Get the noise threshold on BFV/BGV

[fedejinich]

How can I check the noise threshold of a specific BFV/BGV scheme? I want to calculate how many operations my scheme supports

[fedejinich]

I'm trying to do the same as was proposed here but my results are almost the same after each operation, is this expected? I was expecting the noise to grow until the ciphertext is undecryptable, how can I achieve that?

package main

import (
	"fmt"

	"github.com/tuneinsight/lattigo/v4/bfv"
	"github.com/tuneinsight/lattigo/v4/rlwe"
)

func main() {
	// setup a basic fh scheme
	// do tons of multiplications
	// measure noise
	// it should grow
	bfvParams, _ := bfv.NewParametersFromLiteral(bfv.PN15QP827pq)

	bfvSK, _ := rlwe.NewKeyGenerator(bfvParams.Parameters).
		GenKeyPairNew()
	encryptor := bfv.NewEncryptor(bfvParams, bfvSK)
	decryptor := bfv.NewDecryptor(bfvParams, bfvSK)
	encoder := bfv.NewEncoder(bfvParams)
	evks := rlwe.NewEvaluationKeySet()
	evks.RelinearizationKey = rlwe.NewRelinearizationKey(bfvParams.Parameters)
	evaluator := bfv.NewEvaluator(bfvParams, evks)

	val := []uint64{2, 3, 3, 4, 2, 3}
	pt := bfv.NewPlaintext(bfvParams, bfvParams.MaxLevel())
	encoder.Encode(val, pt)
	ct := encryptor.EncryptNew(pt)

	pt = decryptor.DecryptNew(ct)
	// var v []uint64
	// v = encoder.DecodeUintNew(pt)
	for i := 0; i < 10; i++ {
		evaluator.Mul(ct, ct, ct)

		// fmt.Println(v[:4])

		fmt.Println(i)
		// PrintNoise(evaluator, decryptor, encoder, ct, v, bfvParams)
		PN(decryptor, encoder, evaluator, ct, val)
	}
}

func PN(decryptor rlwe.Decryptor, encoder bfv.Encoder, evaluator bfv.Evaluator,
	el *rlwe.Ciphertext, val []uint64) {

	pt := decryptor.DecryptNew(el)

	// encoder.DecodeUint(pt, val)
	encoder.Encode(val, pt)
	ct := evaluator.SubNew(el, pt)
	res, _, _ := rlwe.Norm(ct, decryptor)

	fmt.Printf("STD(noise) real: %f\n", res)
}

// PrintNoise prints the standard deviation of the noise in the given ciphertext.
func PrintNoise(evaluator bfv.Evaluator, decryptor rlwe.Decryptor, encoder bfv.Encoder, ct *rlwe.Ciphertext, values []uint64, params bfv.Parameters) int {
	// Encode the coefficients back to a plaintext
	pt := bfv.NewPlaintext(params, ct.Level())
	encoder.Encode(values, pt)

	// Subtract the encoded plaintext from the original ciphertext
	vec := evaluator.SubNew(ct, pt)

	// Calculate the norm of the resulting ciphertext, which gives the noise
	res, _, _ := rlwe.Norm(vec, decryptor)

	// Log the standard deviation of the noise
	fmt.Printf("STD(noise)res: %d\n", int(res))

	return int(res)
}

STD(noise) real: 647.213323
1
STD(noise) real: 647.212887
2
STD(noise) real: 647.208673
3
STD(noise) real: 647.207073
4
STD(noise) real: 647.203124
5
STD(noise) real: 647.211714
6
STD(noise) real: 647.206122
7
STD(noise) real: 647.207491
8
STD(noise) real: 647.208768
9
STD(noise) real: 647.207933

[fedejinich]

no news about this? this should be a very basic scenario, I'm a bit frustrated

[Pro7ech]

You are not correctly updating the reference values.
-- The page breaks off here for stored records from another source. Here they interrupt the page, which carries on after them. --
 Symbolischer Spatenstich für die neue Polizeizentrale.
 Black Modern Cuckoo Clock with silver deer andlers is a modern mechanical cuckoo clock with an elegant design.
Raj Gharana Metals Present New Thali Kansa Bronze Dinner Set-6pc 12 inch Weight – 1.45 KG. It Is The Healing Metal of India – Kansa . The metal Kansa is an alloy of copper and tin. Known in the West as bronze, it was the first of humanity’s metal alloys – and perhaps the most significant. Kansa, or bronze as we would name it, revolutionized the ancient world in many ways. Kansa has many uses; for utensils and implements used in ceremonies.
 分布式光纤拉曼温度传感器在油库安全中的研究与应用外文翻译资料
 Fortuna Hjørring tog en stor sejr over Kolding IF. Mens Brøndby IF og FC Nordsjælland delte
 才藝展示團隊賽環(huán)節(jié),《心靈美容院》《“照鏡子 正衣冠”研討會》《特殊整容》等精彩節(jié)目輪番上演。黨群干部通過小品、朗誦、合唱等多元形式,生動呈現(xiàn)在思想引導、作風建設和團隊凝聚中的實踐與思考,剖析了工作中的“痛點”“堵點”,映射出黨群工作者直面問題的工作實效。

You should first decode on val before re-encoding from val. Else it will not subtract the correct plaintext and the printed noise will be the maximum noise.

[fedejinich]

Thanks!
How can I check the noise threshold? Will I get an error if the ciphertext is corrupted?
I'm trying to corrupt the ciphertext (by doing as many operations as possible) without success yet :(

[Pro7ech]

The noise threshold is $\log_{2}(\tfrac{Q}{2T})$. You will not get an error if the noise corrupts the plaintext, only a wrong result. You can easily increase the noise by doing squaring multiplication.